The Boy Scouts’ position conforms to the biblical pattern, although they do
not derive it explicitly from Scripture. If the Court had decided against the
Scouts, it would have also been deciding against biblical morality. Perhaps some
of the four dissenters regard this as an ideal opportunity missed. As noted,
this was a 5-4 decision, with Mrs. O’Connor supplying the necessary fifth
vote, another display of matriarchal monarchy.
Curia delenda est
There is at least one possible good to come from the Court’s most recent
decisions: they make abundantly evident to all who can reason the truth about
one of two things: either about the United States Constitution or about the
United States Supreme Court. Does the Constitution, as the Court has decreed,
prohibit prayer and protect the butchering of babies? We must note, as we and
others have done so often and so ineffectually, that the Constitution surely
does not even hint at such things. However, the Court says that it does. If the
Court is right, then the Constitution is an evil document. If, on the other
hand, the Court is wrong–and we confidently say that it is–then the Court
has become an evil institution. It must be transformed, or even abolished, if
Americans are not to live under the tacitly accepted rule of arbitrary evil. As
the Court ends this judicial session, logic demands that we paraphrase the Roman
statesman Cato and say, curia delenda est: the Court must be destroyed.
This may seem extreme, but the situation is extreme. A situation in which the
fate of more than one-quarter billion people depends on the sole will of five
unelected individuals is an extreme situation. There are several less drastic
measures that might solve some of our problems. On the personal level, if young
girls and boys and school officials could act on the principle, "Dare to be
a Daniel," a beginning would be made. If the other two branches of our
system, the legislative and the executive, dared to do their duty in checking
and balancing the excesses of the judiciary, perhaps that would be enough.
If the Justices were not appointed for life, if their decisions were not
absolute and irreformable save by the seismic upheaval of the amendment process,
perhaps it would be possible to write, mutanda est, "must be
transformed," rather than delenda, "must be destroyed."
THE CRISIS IN DEMOCRATIC THEORY 
What’s in a name? The foreign policy of the United States under President
Clinton has largely revolved around creating, restoring, or establishing
democracy in Haiti, in Bosnia, in Kosovo. Yet the United States are not supposed
to be a democracy, at least not a direct one. One frequently hears people plead,
"Our country is a republic, not a democracy." What is the difference?
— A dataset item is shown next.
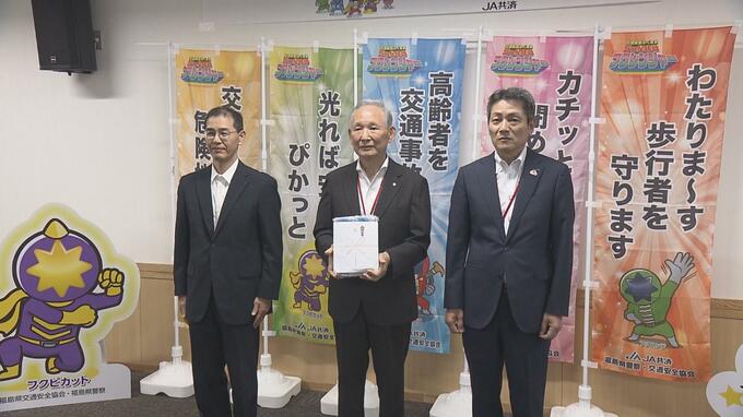 福島県警察本部で行われた贈呈式ではJA共済連福島の服部道夫本部長から、県交通安全協会の小櫻輝会長と県警察本部の児嶋洋平本部長にのぼり旗が渡されました。
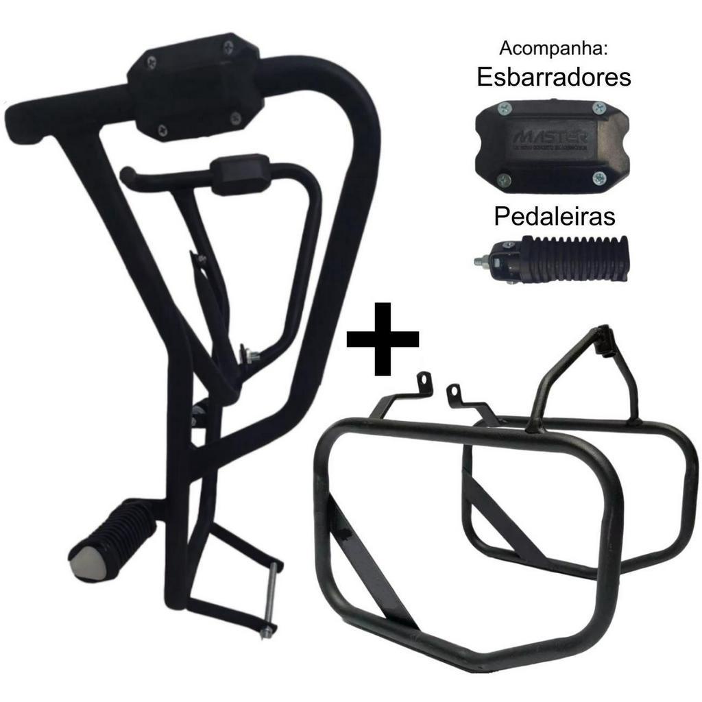 Kit Para CROSSER 150 XTZ de 2014 até 2024 Protetor Carenagem Tanque Motor Mata Cachorro + Afastador Alforges Traseiro Lateral

Is there any? Or what does a name really mean? The recently abolished sovereign
nation in East Germany called itself the German Democratic Republic. Names
sometimes conceal, rather than reveal, reality. Appearances, even constitutions
and formal structures, may be deceiving. Consider the demands for
"democratic elections" in Bosnia, Congo (formerly Zaire), South
Africa, Kosovo, and most recently in Zimbabwe. "One man, one vote" is
not necessarily the will of God, especially not when, as in the case of
Zimbabwe, it seems to mean, "One man, one vote, once."
Weighted voting, in which the vote of particular classes counts more than
that of others, is anathema to us. Miss Lani Guinier, President Clinton’s
unsuccessful nominee to head the Civil Rights Commission, struck out by pleading
for weighted voting favoring marginalized groups. The late Erik v.
Kuehnelt-Leddihn, with a different view of weighting in mind, asked whether the
vote of a sixty-year-old professor of political philosophy and that of a
teen-age prostitute should have equal value. His implied suggestion makes more
sense than her proposal, but both contradict our democratic canon of equality.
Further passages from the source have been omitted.